_Description of the task:_ Repetition must be exact and must stop with the line bearing "アメリカとイスラエルによる攻". It begins at the first line of the records and includes no pictures.

_Material shown:_
_ _ _ _ _
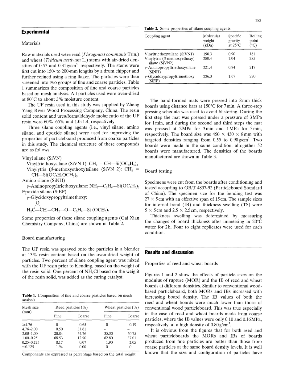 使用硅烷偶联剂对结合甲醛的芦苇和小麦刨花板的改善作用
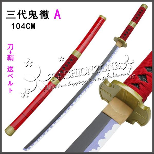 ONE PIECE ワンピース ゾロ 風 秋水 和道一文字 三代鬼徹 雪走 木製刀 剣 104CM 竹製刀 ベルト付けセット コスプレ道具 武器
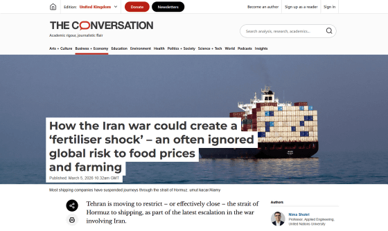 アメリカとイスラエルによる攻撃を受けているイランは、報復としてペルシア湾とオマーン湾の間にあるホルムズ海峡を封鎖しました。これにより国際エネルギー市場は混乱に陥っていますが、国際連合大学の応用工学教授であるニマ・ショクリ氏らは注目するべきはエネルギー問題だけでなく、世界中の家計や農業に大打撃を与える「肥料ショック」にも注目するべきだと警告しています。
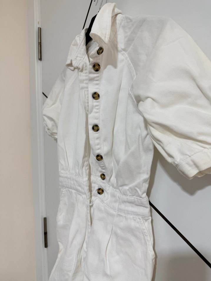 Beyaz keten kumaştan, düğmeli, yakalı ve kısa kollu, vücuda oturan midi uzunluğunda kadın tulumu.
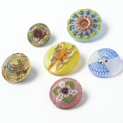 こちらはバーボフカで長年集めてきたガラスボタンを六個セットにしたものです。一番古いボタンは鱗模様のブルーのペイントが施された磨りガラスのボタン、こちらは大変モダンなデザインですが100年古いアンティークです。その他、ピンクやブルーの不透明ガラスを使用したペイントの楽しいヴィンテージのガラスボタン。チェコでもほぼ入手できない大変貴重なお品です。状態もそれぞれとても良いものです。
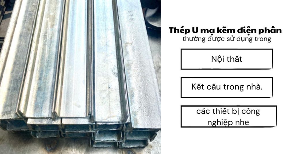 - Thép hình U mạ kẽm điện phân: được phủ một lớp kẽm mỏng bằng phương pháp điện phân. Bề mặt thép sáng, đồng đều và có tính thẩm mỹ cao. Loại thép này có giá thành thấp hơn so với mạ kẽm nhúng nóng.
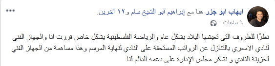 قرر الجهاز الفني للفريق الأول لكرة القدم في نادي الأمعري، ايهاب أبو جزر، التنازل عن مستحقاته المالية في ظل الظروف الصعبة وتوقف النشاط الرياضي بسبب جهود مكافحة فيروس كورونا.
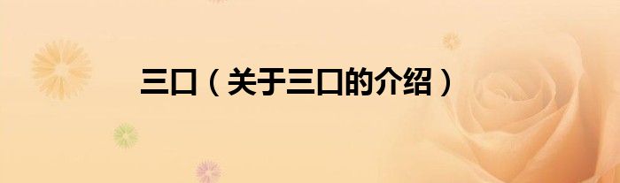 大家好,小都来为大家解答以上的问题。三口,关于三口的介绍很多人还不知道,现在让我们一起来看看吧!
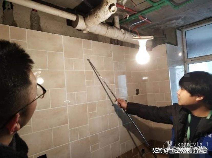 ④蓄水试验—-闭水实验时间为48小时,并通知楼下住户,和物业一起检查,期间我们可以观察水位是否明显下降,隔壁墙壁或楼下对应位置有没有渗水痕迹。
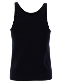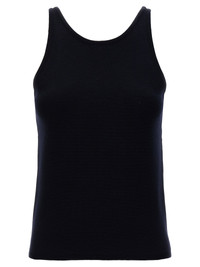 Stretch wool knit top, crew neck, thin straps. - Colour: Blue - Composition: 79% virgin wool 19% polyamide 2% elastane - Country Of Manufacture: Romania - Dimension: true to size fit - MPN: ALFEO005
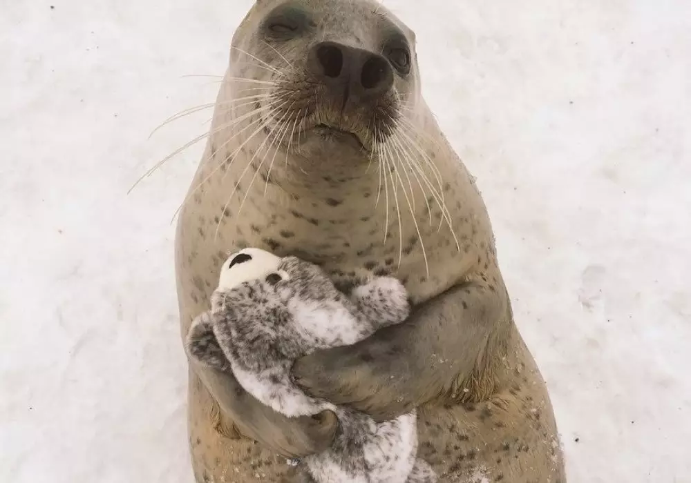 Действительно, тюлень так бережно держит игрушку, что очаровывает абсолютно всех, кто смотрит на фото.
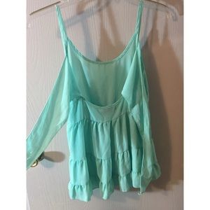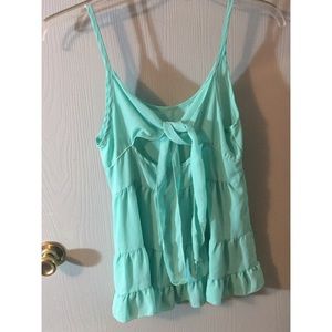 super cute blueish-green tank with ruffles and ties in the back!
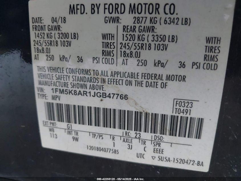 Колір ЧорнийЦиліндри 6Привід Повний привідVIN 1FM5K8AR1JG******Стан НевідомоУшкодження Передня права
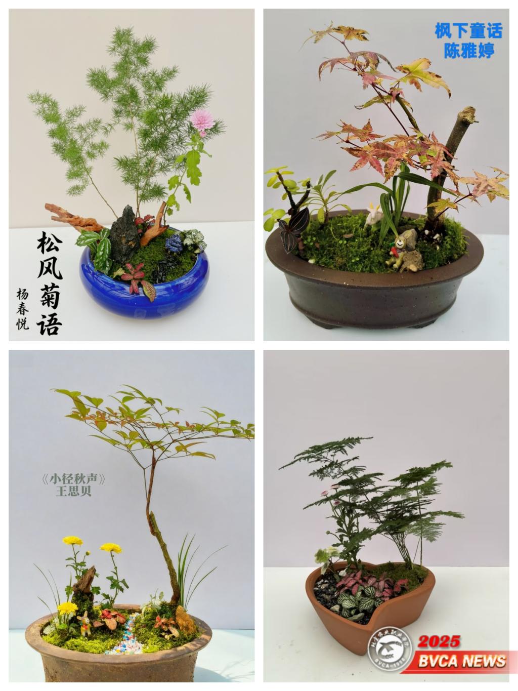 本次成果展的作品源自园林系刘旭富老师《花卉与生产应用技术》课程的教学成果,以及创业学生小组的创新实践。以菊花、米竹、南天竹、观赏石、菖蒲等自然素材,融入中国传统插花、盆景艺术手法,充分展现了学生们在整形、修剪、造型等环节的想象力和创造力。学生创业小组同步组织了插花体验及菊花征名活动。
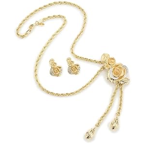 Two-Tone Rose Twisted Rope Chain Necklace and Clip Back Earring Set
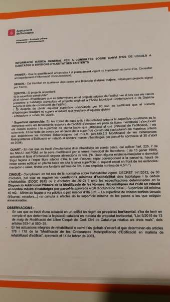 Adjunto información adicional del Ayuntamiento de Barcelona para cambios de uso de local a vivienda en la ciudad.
_ _ _ _ _
_Exercise result:_
 使用硅烷偶联剂对结合甲醛的芦苇和小麦刨花板的改善作用
 ONE PIECE ワンピース ゾロ 風 秋水 和道一文字 三代鬼徹 雪走 木製刀 剣 104CM 竹製刀 ベルト付けセット コスプレ道具 武器
 アメリカとイスラエルによる攻撃を受けているイランは、報復としてペルシア湾とオマーン湾の間にあるホルムズ海峡を封鎖しました。これにより国際エネルギー市場は混乱に陥っていますが、国際連合大学の応用工学教授であるニマ・ショクリ氏らは注目するべきはエネルギー問題だけでなく、世界中の家計や農業に大打撃を与える「肥料ショック」にも注目するべきだと警告しています。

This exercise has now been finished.